● THE TASK: Output the listing exactly, without its pictures.

● DATA EXTRACT:
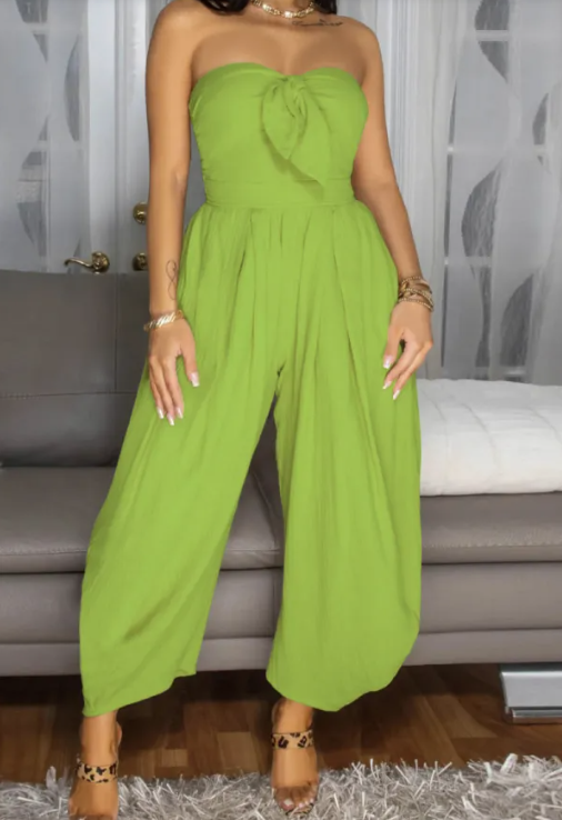 a sultry, strapless silhouette that blends breezy elegance with rich, understated allure. Wrapped in smooth, slightly stretchy polyester, this piece drapes effortlessly across the chest and flows into a relaxed, wide-leg cut that moves with you like liquid sunshine.
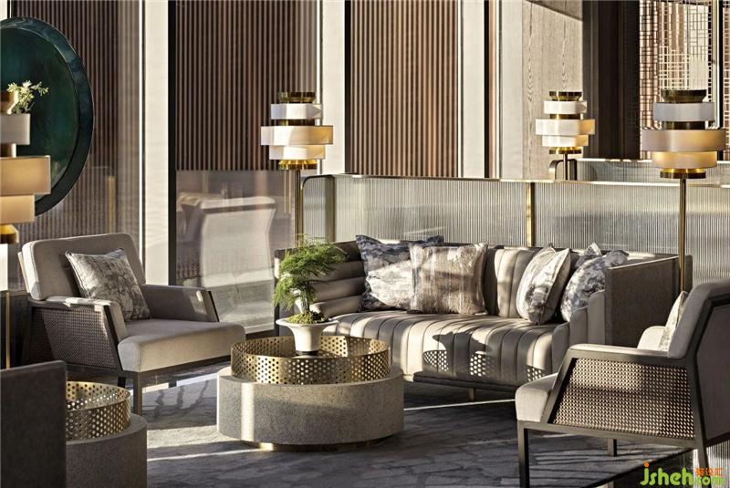 主要材料:大理石、木飾面、布藝硬包、拉絲不銹鋼
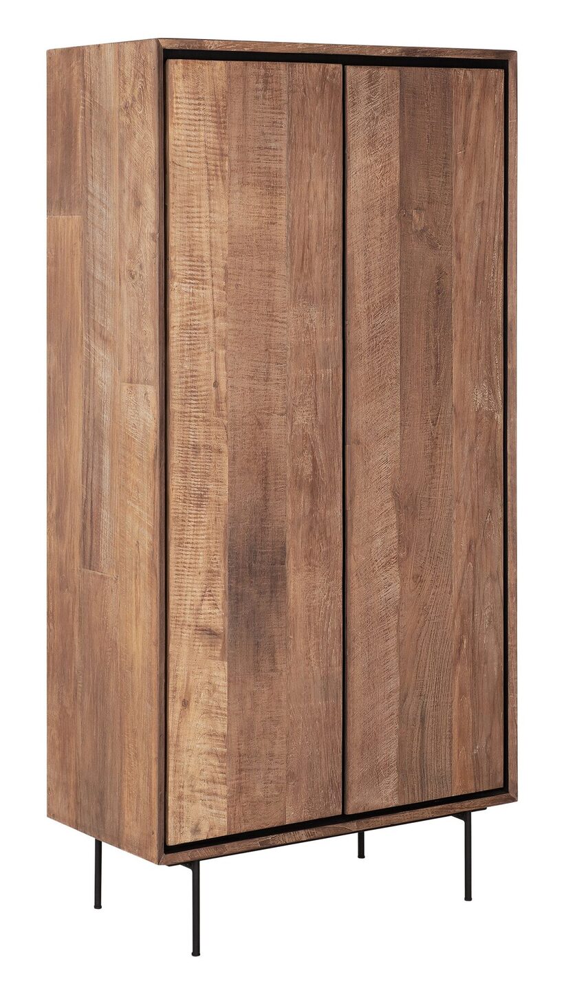 De bergkast Metropole is gemaakt van teakhout. De randen van de kast lopen schuin naar binnen, waardoor er diepte wordt gecreëerd. Samen met de ronde, metalen poten, greeploze lange deuren en donkere binnenkant heeft de bergkast Metropole een robuust, maar gelijktijdig modern uiterlijk. De kast is modern, robuust en tegelijkertijd luchtig.
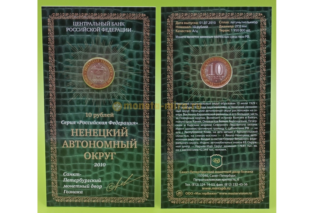 Официальный буклет с монетой 10 рублей биметалл 2010 г. Ненецкий автономный округ, буклет с подписью

● EXPECTED OUTPUT:
 a sultry, strapless silhouette that blends breezy elegance with rich, understated allure. Wrapped in smooth, slightly stretchy polyester, this piece drapes effortlessly across the chest and flows into a relaxed, wide-leg cut that moves with you like liquid sunshine.
 主要材料:大理石、木飾面、布藝硬包、拉絲不銹鋼
 De bergkast Metropole is gemaakt van teakhout. De randen van de kast lopen schuin naar binnen, waardoor er diepte wordt gecreëerd. Samen met de ronde, metalen poten, greeploze lange deuren en donkere binnenkant heeft de bergkast Metropole een robuust, maar gelijktijdig modern uiterlijk. De kast is modern, robuust en tegelijkertijd luchtig.
 Официальный буклет с монетой 10 рублей биметалл 2010 г. Ненецкий автономный округ, буклет с подписью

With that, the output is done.